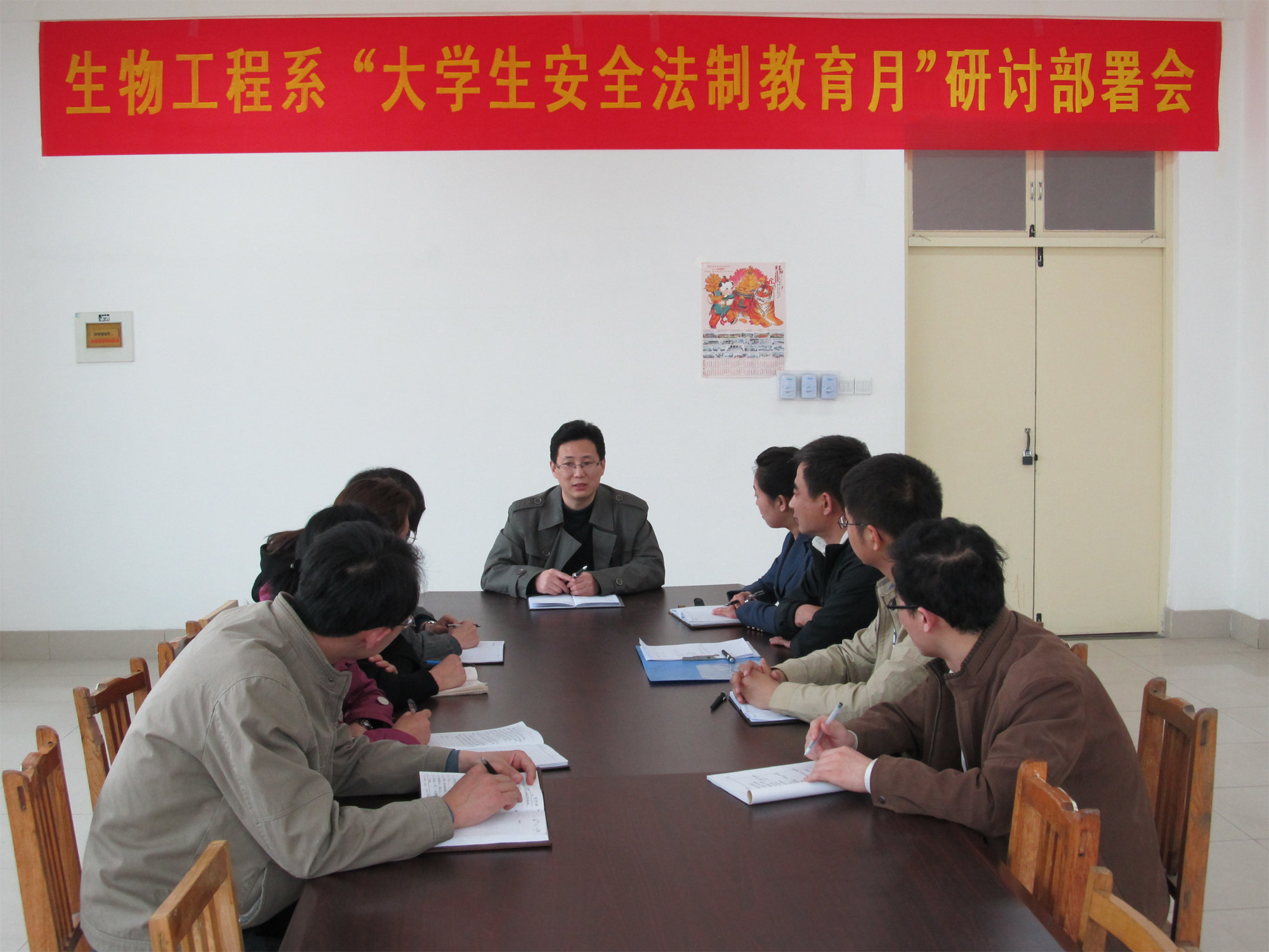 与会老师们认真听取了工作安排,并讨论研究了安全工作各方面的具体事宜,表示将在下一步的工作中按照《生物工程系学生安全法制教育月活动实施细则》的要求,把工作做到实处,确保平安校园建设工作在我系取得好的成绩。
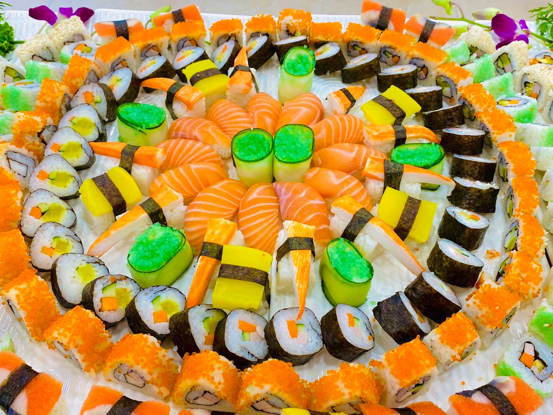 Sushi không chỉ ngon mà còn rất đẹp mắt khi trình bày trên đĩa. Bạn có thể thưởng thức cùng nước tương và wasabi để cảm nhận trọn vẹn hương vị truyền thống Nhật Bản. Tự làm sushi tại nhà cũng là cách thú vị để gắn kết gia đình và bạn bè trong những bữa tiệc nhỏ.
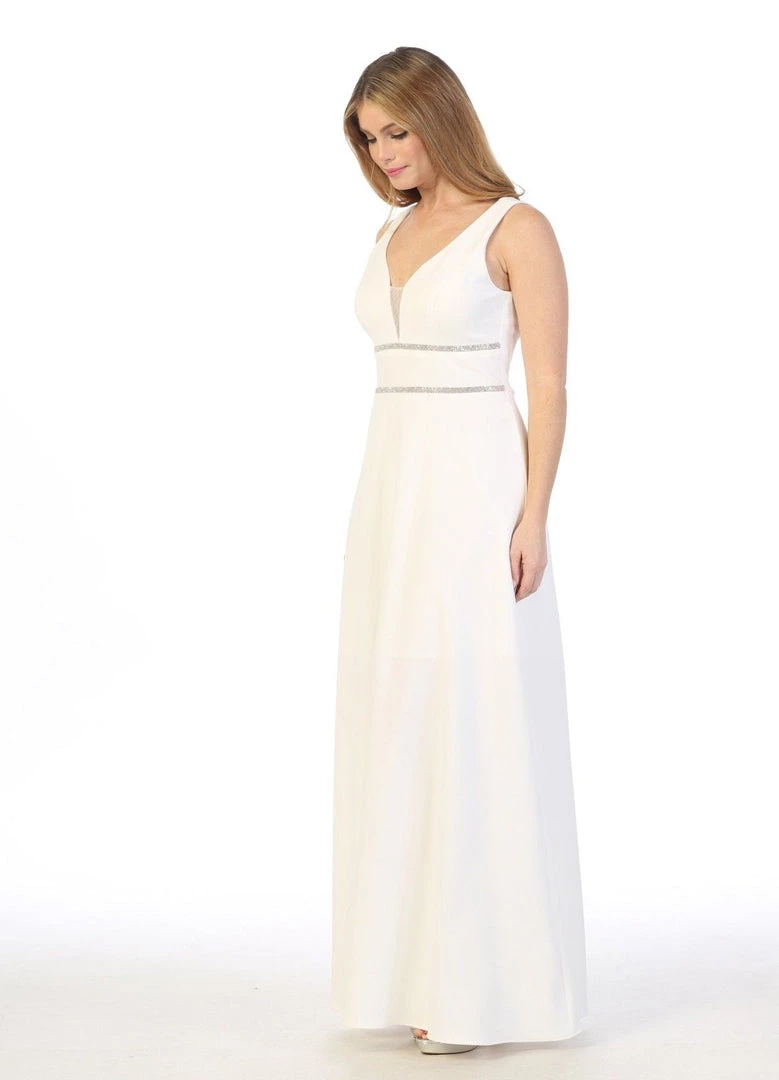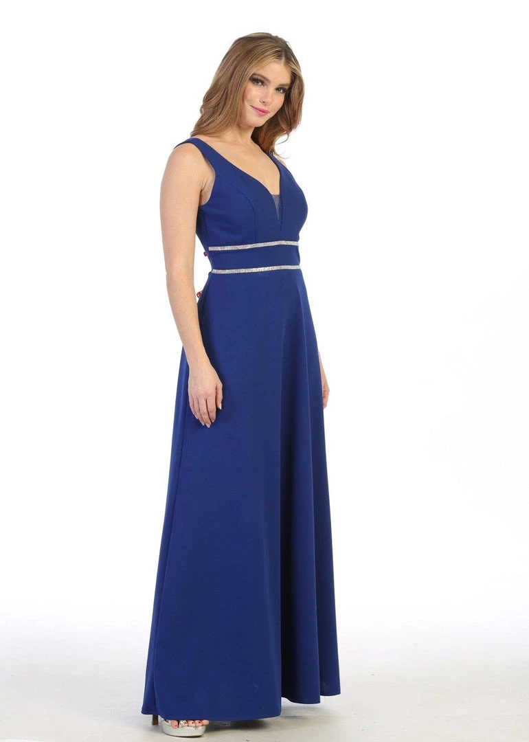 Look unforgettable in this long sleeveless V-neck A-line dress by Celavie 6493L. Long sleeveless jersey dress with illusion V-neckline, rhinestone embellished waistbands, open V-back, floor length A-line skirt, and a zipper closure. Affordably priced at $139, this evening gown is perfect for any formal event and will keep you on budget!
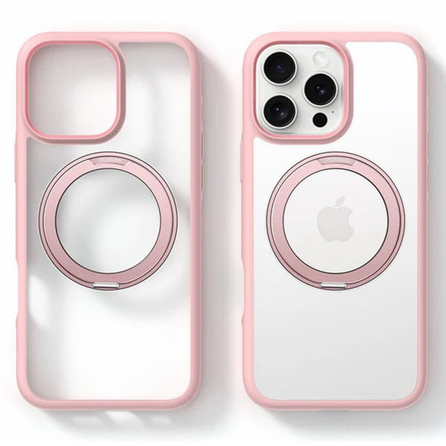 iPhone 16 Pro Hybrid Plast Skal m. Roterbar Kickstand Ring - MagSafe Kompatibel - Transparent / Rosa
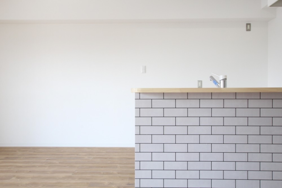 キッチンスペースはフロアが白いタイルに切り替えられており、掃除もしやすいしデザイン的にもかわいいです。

> WORK ITEM
Return only the lines that start at the line containing "iPhone 16 Pro" and finish at the last line of the entries, exactly as written and without pictures.

> TASK OUTPUT
 iPhone 16 Pro Hybrid Plast Skal m. Roterbar Kickstand Ring - MagSafe Kompatibel - Transparent / Rosa
 キッチンスペースはフロアが白いタイルに切り替えられており、掃除もしやすいしデザイン的にもかわいいです。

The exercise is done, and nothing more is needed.